In Taiwan, unless otherwise specified in a contract or under special circumstances, the inventor, his assignee or successor in interest is generally considered to be the person entitled to file a patent application. Moreover, an invention made by an employee in the performance of his duties, the employer shall have the right to file a patent application and to the patent right conferred thereto. Here, the question arises that there is no further definition in Taiwan's Patent Act or Enforcement Rules regarding "who should qualify as an inventor.” Given this grey area, interpretations by the court may serve as a significant point of reference.
In 2020, Gauss Design Inc. (hereinafter referred to as Gauss) sent a cease-and-desist letter to the parent company of Wei Lian Electronic Technology Co., (hereinafter referred to as Wei Lian) and claimed damages from patent infringement on the basis of a patent related to “a frame structure of a display device.” As a defense, Wei Lian filed a “Declaratory Judgment” lawsuit and averred that it is, in reality, a co-owner of the patent at issue and this very fact should render moot the infringement accusation. Upon trial proceedings, the Intellectual Property and Commerce Court ruled in favor of Wei Lian. However, not being satisfied with the Ruling, Gauss appealed the case to the Supreme Court.
The Supreme Court consented to the opinion of the Intellectual Property Commerce Court and dismissed the appeal filed by Gauss in July of this year substantially in view of the following findings:
The patent at issue is calling for a frame structure of a display device which at least comprises a metal backplate and a plastic frame wherein a side of the metal backplate extends downward to form a side edge;… the side edge has two side faces,… the plastic frame envelopes the side edge wherein the plastic frame, molded onto the side edge by injection molding, entirely envelopes both side faces of the side edge.

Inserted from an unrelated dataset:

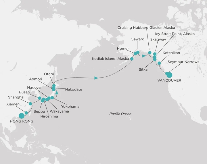 23 Apr 27 – 27 May 27 -  35 nights HONG KONG to VANCOUVER
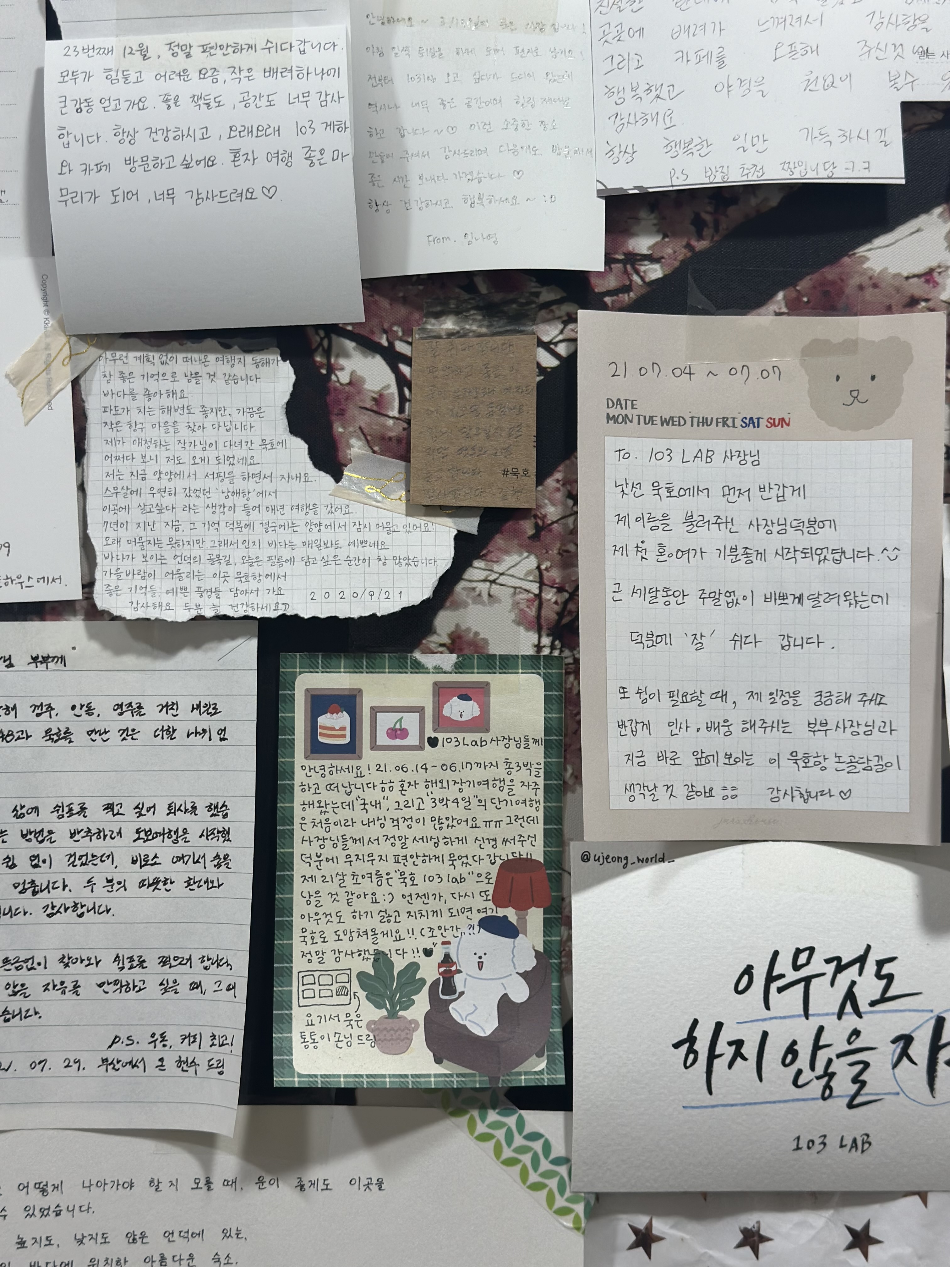 103LAB 게스트하우스는 직장생활을 하면서 어쩌다가 찾게된 힐링 여행지였습니다. 그것은 저뿐만 아니라 모든 게스트들이 묵호와 103LAB 게스트하우스를 찾는 이유같습니다. 그리고 그런 혼자 여행객들을 위해 103LAB 게스트하우스를 지켜주시는 사장님 부부에게 감사의 인사를 전합니다. 세상을 살다보면 남을 위하는 일보다 수익을 쫓는 일들이 대부분인데요. 그래서 여행 숙소를 다니다보면 손님에 대한 진정성은 잘 보이지 않는곳들이 많습니다. 코로나 이전에는 게스트하우스가 파티가 유행했었는데요. 일부 사장님들은 파티 진행을 통해 손님을 받고 수익을 올리는데 중점을 두고 그 이후에는 진심은 찾아보기 힘들었습니다. 결국 수익을 쫓는데만 일하다보면 초반에는 돈을 많이 벌 수 있지만 오래 가지는 못하는 것 같습니다.

A backlight module can be directly installed between the side edges enveloped by the plastic frame.
Although Gauss was the first to propose the concept of forming an “insert molding framework structure” which contributed to the thinning of the liquid crystal displays (LCM), it was not until after an employee of Wei Lian approached Gauss, discussing about the development of the related products and requested an evaluation of the insert molding frame structure that Gauss handed out updated drawings. In these drawings, apparently, the plastic frame did not entirely envelop the two lateral faces of the side edge of the metal backplate.
Thus, the employee of Wei Lian suggested two solutions, one of which was to "reduce the length of the bend portion of the iron part (corresponding to the metal backplate) by 0.5mm and simultaneously increase the length of the plastics in the middle frame by 0.5mm to fully encompass the iron part." This is the "entire enveloping” technical solution, and said employee provided detailed 3D drawings to Gauss for evaluation for two times, which clearly demonstrated the "entire enveloping” technique.
From the submitted drawings, it is noted that the "entire enveloping” technique was indeed proposed by an employee of Wei Lian who presumably has made substantial modification to Gauss’ original design with “partial enveloping” technique. As such, said employee should be deemed a co-inventor and, in turn, his employer, Wei Lian, should be deemed a co-owner of the patent according to the Patent Act.
Obviously, both the Supreme Court and the Intellectual Property and Commerce Court agreed that a person who has made "substantial contribution” should refer to that who has engaged in creative thinking to solve a problem or achieve a specific effect in an invention and subsequently proposes concrete and achievable technical means.
The Intellectual Property and Commerce Court's opinion regarding "substantial contribution” was first disclosed in 2009, which remains unaltered over the years, as reflected in a number of precedents posted on the website of the IP Office. That is, when determining whether a person has made a substantial contribution to the invention claimed in a disputed patent, proposing a concept that includes theory and effects is insufficient; he should have proposed technical means that can accomplish the concept.
On a side note, that Wei Lian has submitted a preponderance of documents, including the records of the technical research and development process is a leverage in this lawsuit. As such, inventors are urged to, from time to time, record any specific implementation means they have thought of for a given technical concept. Only those which are documented and preserved can serve as evidence of “substantial contribution to the invention at issue” in the event of a patent dispute. Additionally, when collaborating with others or commissioning or being commissioned by others for product development, it is preferable to have clear contractual agreements in place regarding the ownership of the inventions to prevent future disputes.